L’auteur-compositeur-interprète et multi-instrumentiste montréalais présente son nouvel album Daystar. Œuvre de maturité artistique, Daystar marque une étape déterminante dans le parcours d’un créateur dont la maîtrise technique sert désormais une intention claire : transformer l’intime en connexion universelle.
Inspiré par la découverte de l’amour « même dans les endroits les plus sombres », Daystar explore la guérison, la vulnérabilité et l’optimisme durement gagné. « Au cours du processus de création, une partie de moi a été guérie, reconnaissant le pouvoir de l’univers », explique Soran.
Le premier simple, 555, incarne cette transformation. Entre refrains superposés sans paroles, textures acoustiques délicates et section rythmique entraînante, la pièce capture l’instant précis où une « situation parfaite » devient réalité — tout en laissant planer la douceur mélancolique du souvenir.
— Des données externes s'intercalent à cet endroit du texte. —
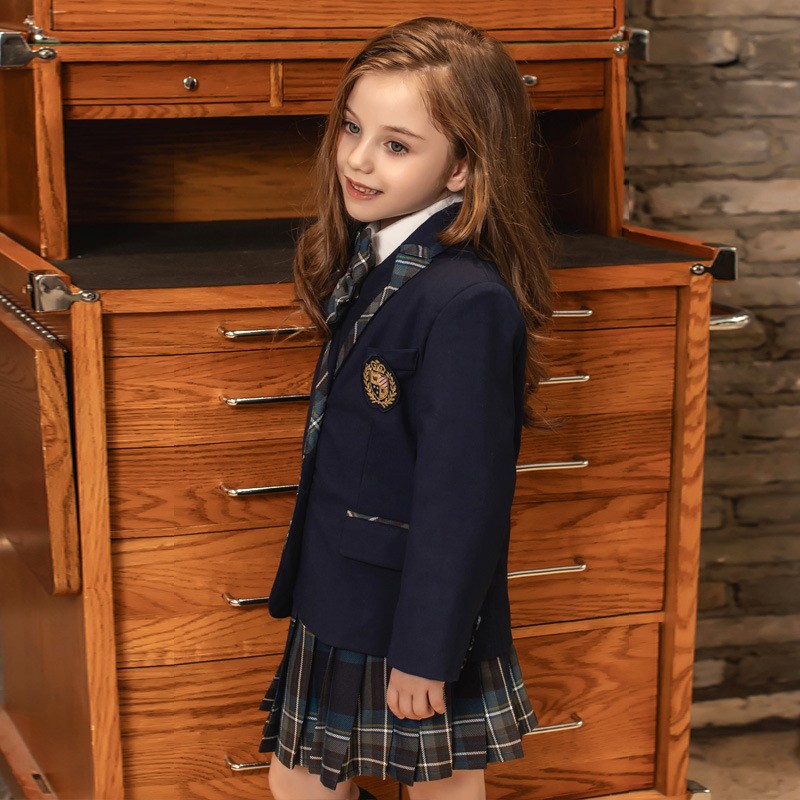 صورة ظلية أكاديمية تقليدية: تجسد السترة المخصصة والتنورة ذات الطيات أسلوب المدرسة البريطاني الكلاسيكي ، مما يخلق مظهرًا رسميًا يمكن التعرف عليه على الفور مثاليًا للاحتفالات والصور الفوتوغرافية.

Approchant Daystar comme un prolongement évolutif de son travail précédent, Soran a cherché à créer une œuvre où l’instrumental transcende la barrière linguistique, laissant les paroles « exister dans leur propre dimension ».
La pièce-titre Daystar, née d’une nouvelle relation, conjugue synthés néon hypnotiques et paroles incisives, gravées dans le ciel sonore comme une profession de foi lumineuse. À l’opposé, Luigi, écrite dans la contrainte d’un appartement londonien, mise sur la retenue : voix sobre, harmonies enfouies et instruments effleurés composent une méditation intime.
En Sicile, armé d’un enregistreur Tascam alimenté par batterie, Soran capte le vent à travers les cordes d’une guitare acoustique — une démarche contemplative qui nourrit la texture organique de l’album et nous donne la magnifique pièce Sideways Falling.
Le morceau Telescope aborde avec délicatesse le décès de sa mère, imaginée comme une étoile veillant dans l’espace. Minimaliste et poignant, le titre illustre la capacité de Soran à transformer la perte en lumière radieuse.
Ailleurs, Momentary Good Times évoque un paysage scintillant ralenti en mélodie vaporeuse, rappelant l’importance de savourer les instants fugaces. Sur Secrets, la voix se fragilise et questionne la honte et la peur d’être indigne d’amour, révélant une sincérité brute.
Après l’album (2024), salué pour sa fluidité entre synthé vintage et R&B sophistiqué, Soran poursuit son ascension sur la scène internationale. Il a notamment performé dans des festivals majeurs tels que Osheaga, M for Montreal, South by Southwest et School Night.
En parallèle, son travail de producteur et compositeur l’a amené à collaborer avec nombreux artistes locaux et internationaux ainsi qu’avec des auteurs/compositeurs de renom comme Linda Perry (4 Non Blondes), Y2K (Doja Cat, Jack Antonoff) & Jonah Shy (Shawn Mendes), Afterhrs (Niall Horan, One Direction, Maroon Five), Simon Wilcox (Nick Jonas), SirNolan (Selena Gomez, Alec Benjamin).
Entre Montréal, Los Angeles et Londres, ces deux dernières années ont amené Soran à repenser son processus créatif, passant d’un studio complet à une écriture minimaliste et introspective.
Plus qu’un aboutissement, Daystar se présente comme une déclaration d’intention : celle d’un artiste qui fait de sa virtuosité un vecteur d’émotion, et de son développement personnel un espace de résonance collective.